Kayıpmaz, kelam konusu enfeksiyonların ileri yaşta yahut kronik hastalığı olan bireyler açısından ağır hastalık riski oluşturduğuna dikkati çekerek, kelamlarını şöyle sürdürdü:
*Hastalık belirtisi gösteren şahısların toplu ortamlarda maske takması hastalıkların bulaşmasının önlenmesi açısından kıymet taşıyor.
*Sağlıklı bireylere de tıpkı biçimde kapalı, kalabalık alanlarda bilhassa enfeksiyonların arttığı bu devirlerde maske takmalarını öneriyoruz.
*Hastalıklardan korunmak için kapalı ortamların sık sık havalandırılması, el hijyenine dikkat edilmesi değer taşıyor.
*Maske, uzaklık ve hijyen, yalnızca Kovid-19 değil, öbür teneffüs yolu enfeksiyonları yahut temasla bulaşan mikroorganizmalara karşı da muhafaza sağlıyor.
Bilim Heyeti Üyesi Kayıpmaz, risk kümesindeki bireylerin Kovid-19’a karşı hatırlatma dozlarını ihmal etmemesi gerektiğinin altını çizerek, yerli aşı TURKOVAC’ın da itimatla tercih edilebileceğini söyledi.
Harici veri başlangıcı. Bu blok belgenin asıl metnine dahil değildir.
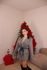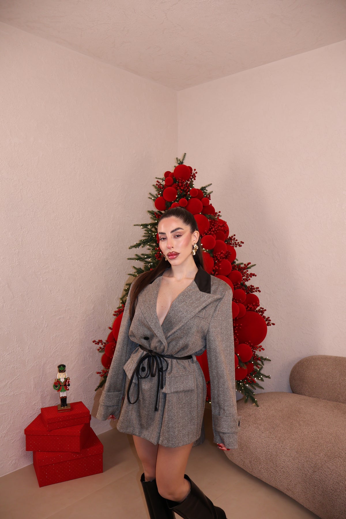 Blazer in panno doppio petto con collo e cinturina in ecopelle. Taglia unica.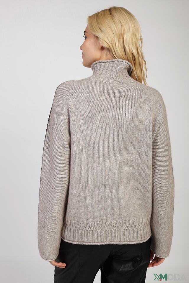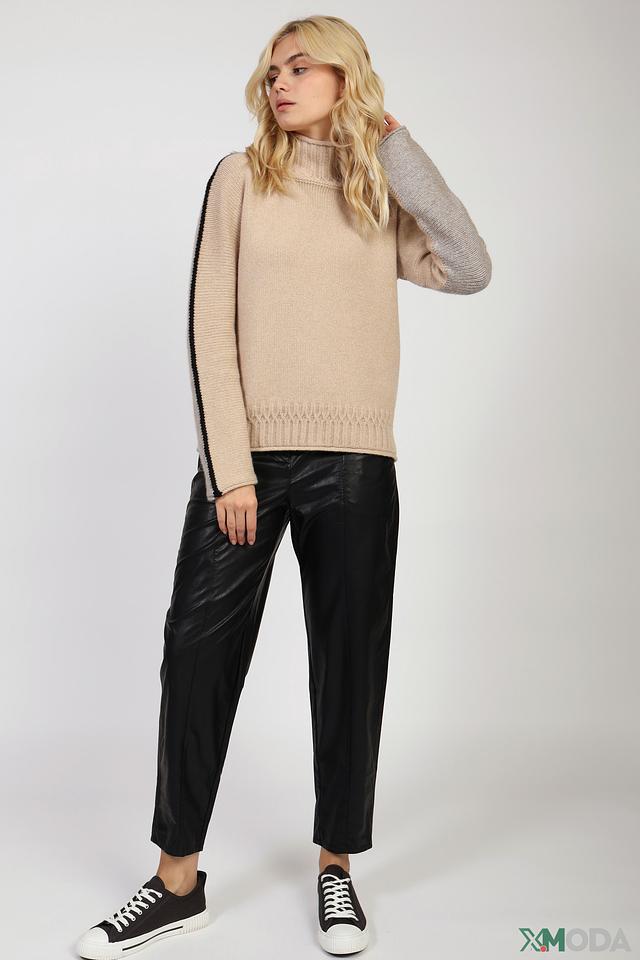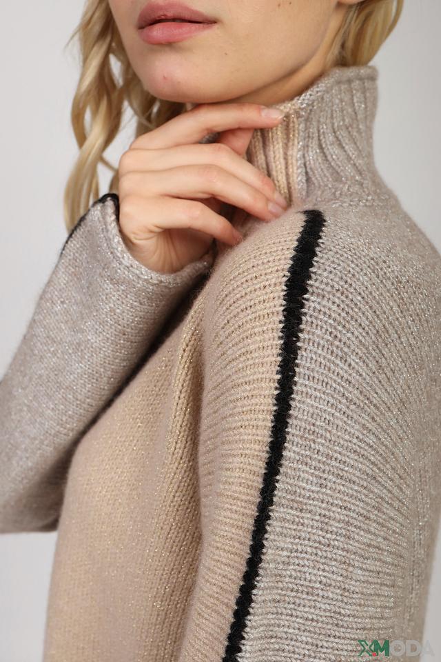 Водолазка имеет классический крой и нейтральный бежевый цвет, который легко сочетается с различными элементами одежды. Оригинальную деталь добавляет контрастная чёрная полоска на рукаве, придающая образу динамичность и современность.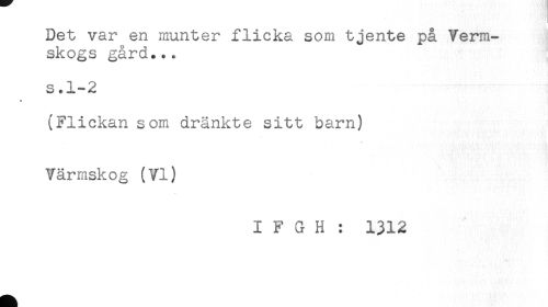 //// Det var en munter flicka som tjente på Verm- //// skogs gård... //// s.1-2 //// + //// (Flickan som dränkte sitt barn) //// Värmskog (VI) //// I F G H : 1312 ////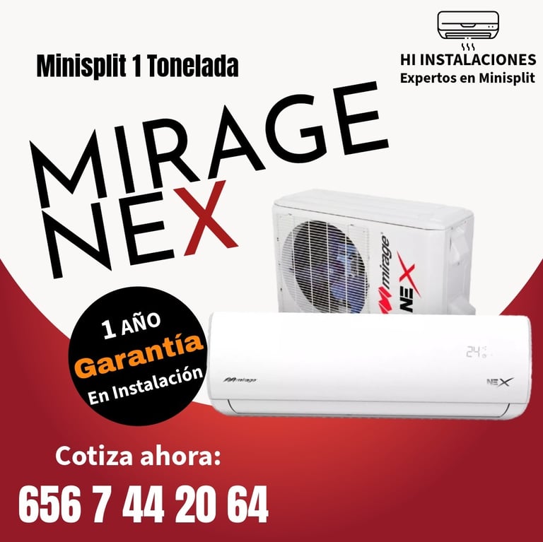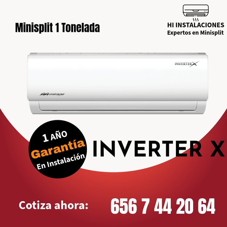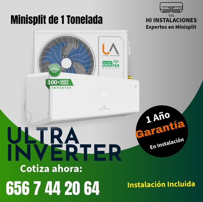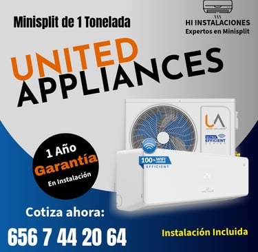 En Hi Instalaciones somos expertos en minisplits y trabajamos exclusivamente con marcas de reconocida calidad como Mirage, Gree y United Appliances, ofreciendo a nuestros clientes en Ciudad Juárez equipos eficientes, duraderos y con garantía de fabricante. Ya sea que necesites un equipo convencional o con tecnología inverter, tenemos la opción ideal para tu hogar o negocio.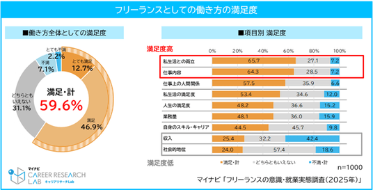 一方で、「収入(25.4%)」「社会的地位(24.0%)」は満足度が3割を下回っており、フリーランスという働き方における経済的・社会的な不安定さが課題として浮き彫りになった。

Bu yıl maske kullanımının gevşemesiyle birlikte son 2 yılda görülmeyen enfeksiyonların da artış gösterdiğini belirten Kayıpmaz, “Solunum sistemi enfeksiyonlarını aralık ayının sonu ve ocak ayının birinci iki haftasında daha ağır görüyoruz. Şu anda da kış aylarında bir müddet daha artış yaşanacağını daha sonrasında ise hadiselerin azalacağını öngörüyoruz. Enfeksiyonlar, salgın öncesindeki yıllarla emsal halde artış gösteriyor.” diye konuştu.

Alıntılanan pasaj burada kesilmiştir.